A pioneer in sports journalism, Rudy Martzke rose to national fame for covering sports television and media in the late 20th and early 21st centuries before it was its own cottage industry. Nobody had covered sports entertainment that way before Martzke started his column at USA TODAY as an original employee during the newspaper’s launch in 1982.
Martzke died Wednesday at the age of 82, following complications from pneumonia.
Martzke rose to national fame for covering sports television and media in the late 20th and early 21st centuries before it was its own cottage industry. Martzke died Nov. 20, 2024 at the age of 82.

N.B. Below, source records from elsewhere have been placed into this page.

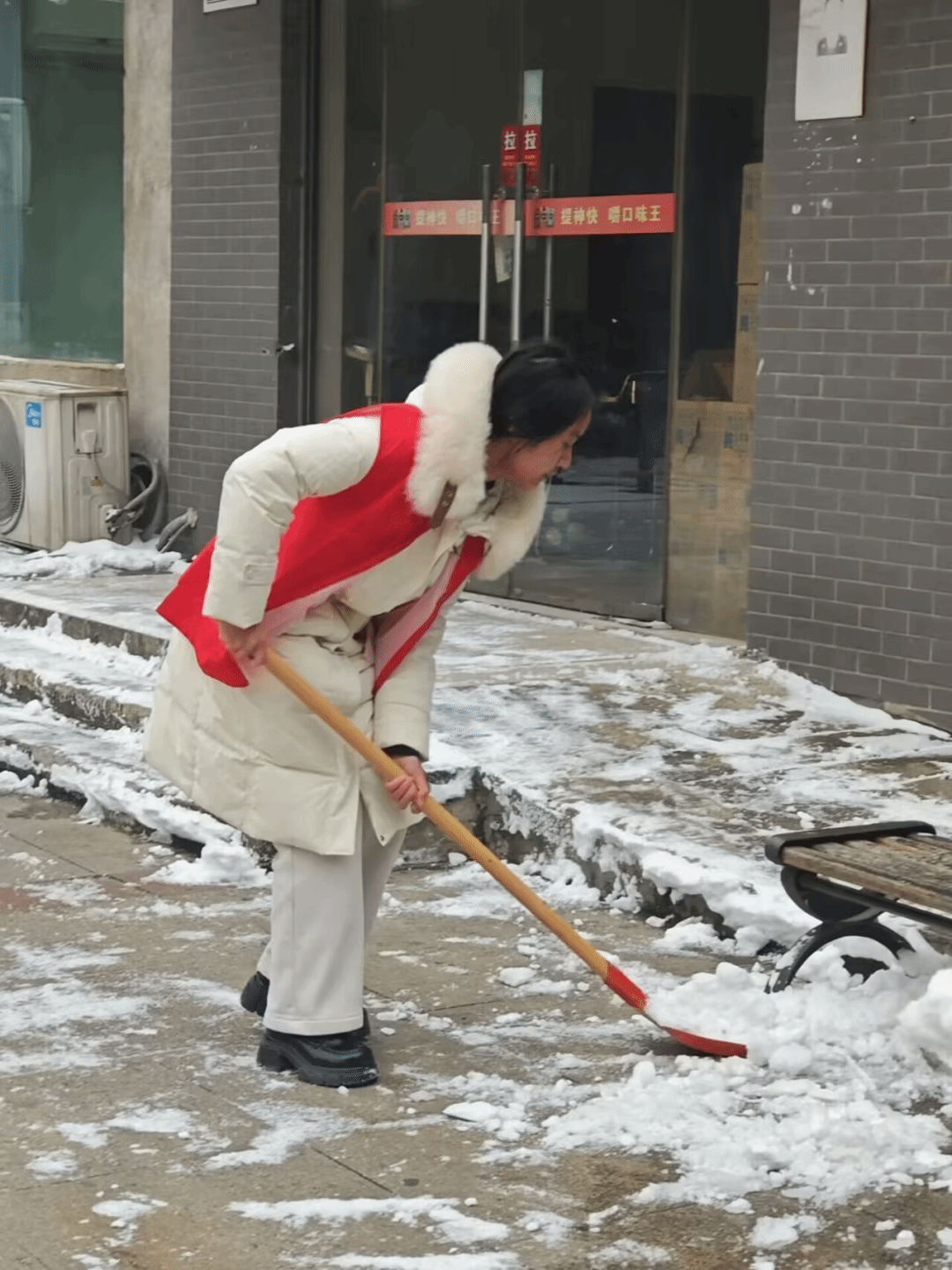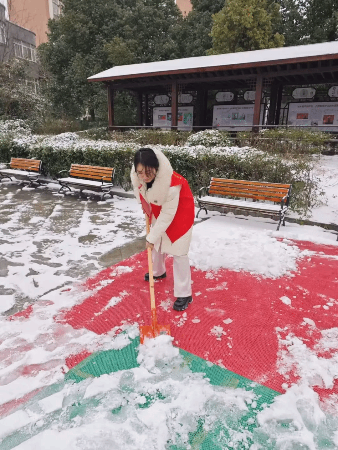 网络2553班张彦乐则在强降雪天气中挺身而出,主动参与社区清雪除冰志愿行动。她手持铁锹铲除主干道、单元门口及台阶坡道上的积雪暗冰;面对坚硬冰层,她反复敲击清理;看到行动不便的老人,她主动搀扶,并优先清扫其门前道路。她的辛勤劳动保障了居民特别是老年群体的出行安全,赢得社区一致赞誉。
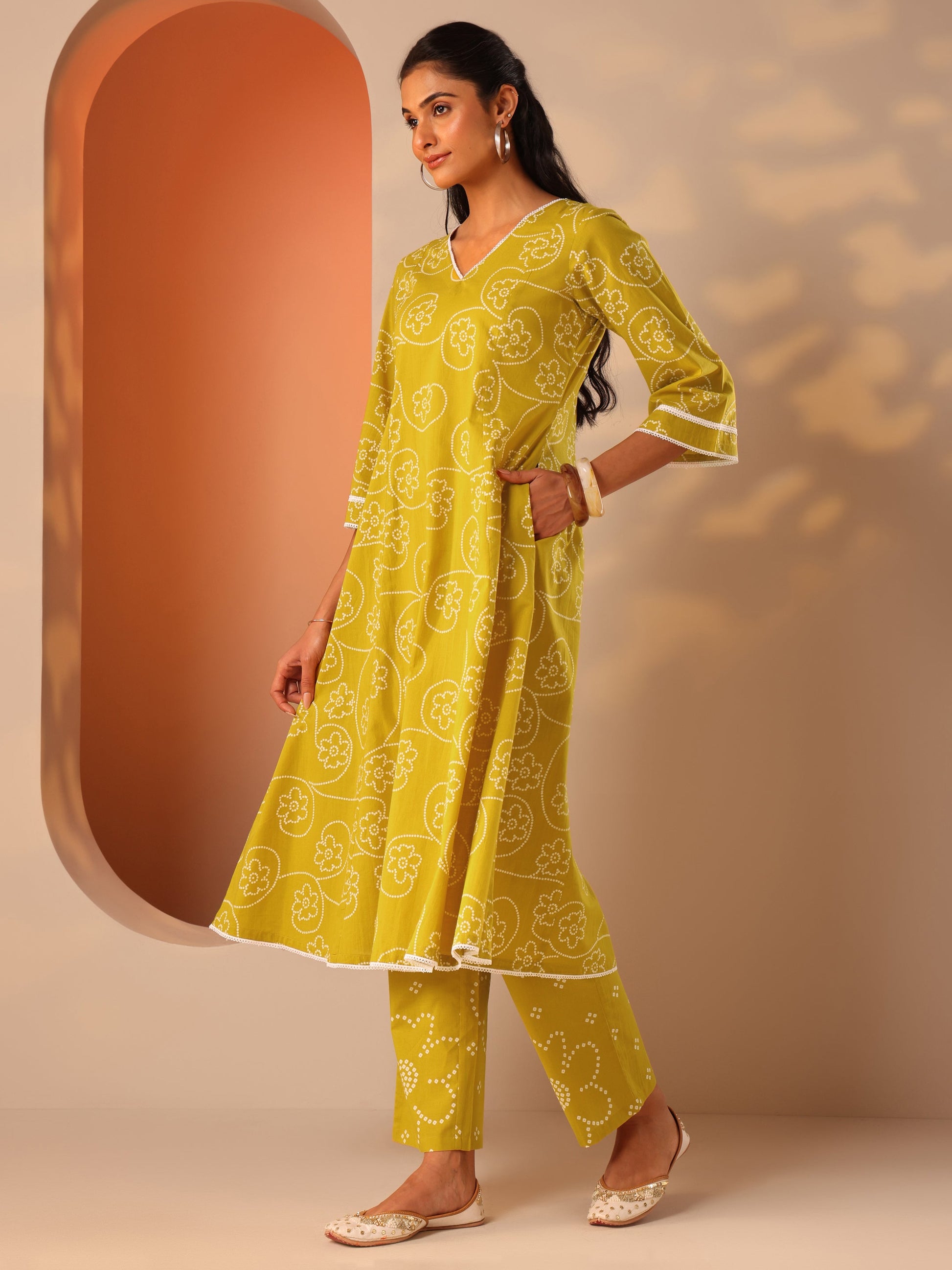 Mustard Printed Cotton A-Line Suit Set With Dupatta
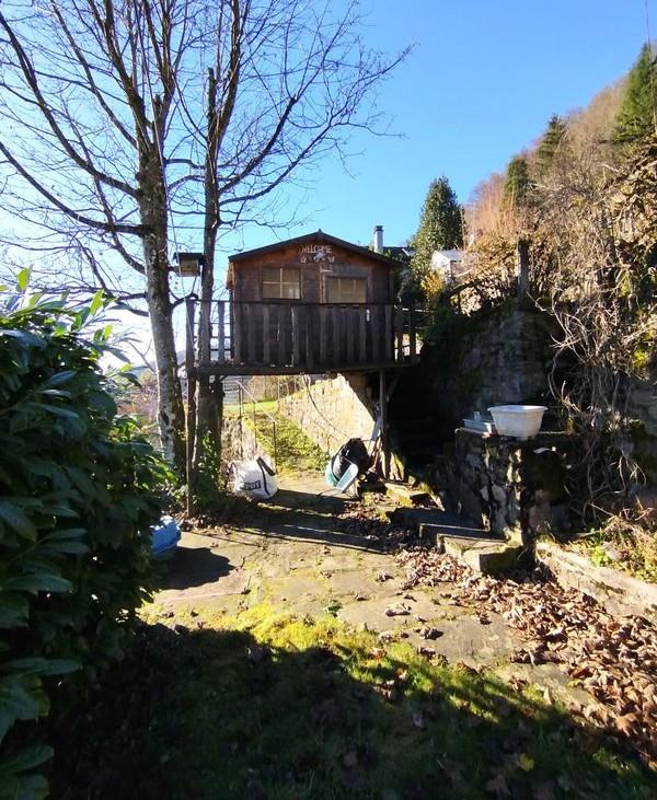 De l'espace cuisine salon on accède à une cour qui permet d'accéder au 2ème atelier à aménager. De cet atelier on accède au jardin en terrasses : une terrasse avec une cuisine d'été à rafraîchir, un four à pain, un barbecue et une cabane pour enfants ; vous trouverez au niveau de la deuxième terrasse un bassin avec des poissons rouges ainsi que des espaces pour un potager. La dernière terrasse est composée d'arbres fruitiers, ainsi que des espaces de culture. Le jardin en terrasse ainsi que la maison sont exposés plein sud.

In the heyday for newspapers in America, Martzke’s back-page column ran three times a week and was a must-read for not only people in the business – from the C-Suite to the production truck – but for fans who wanted to see how their opinions stacked up against the announcers they watched all the time.His words revolutionized how fans watched sports. The Internet was fledgling at best as his career wound down, and social media didn’t exist. To figure out who was up and who needed to improve behind the mic, reading Martzke was essential. The information was valuable. The prose was entertaining.
Martzke began his career writing about sports for the East St. Louis Journal and covered the city’s professional teams. But he jumped into the public-relations side of the business and became a publicist and director of operations for the ABA's Spirits of St. Louis. It was while working there he encouraged the local radio station KMOX to hire a kid from Syracuse University named Bob Costas to call the team's games in 1974. Costas became a lifelong fan of Martzke’s work, and Martzke said Costas was among his favorite people in the business to cover.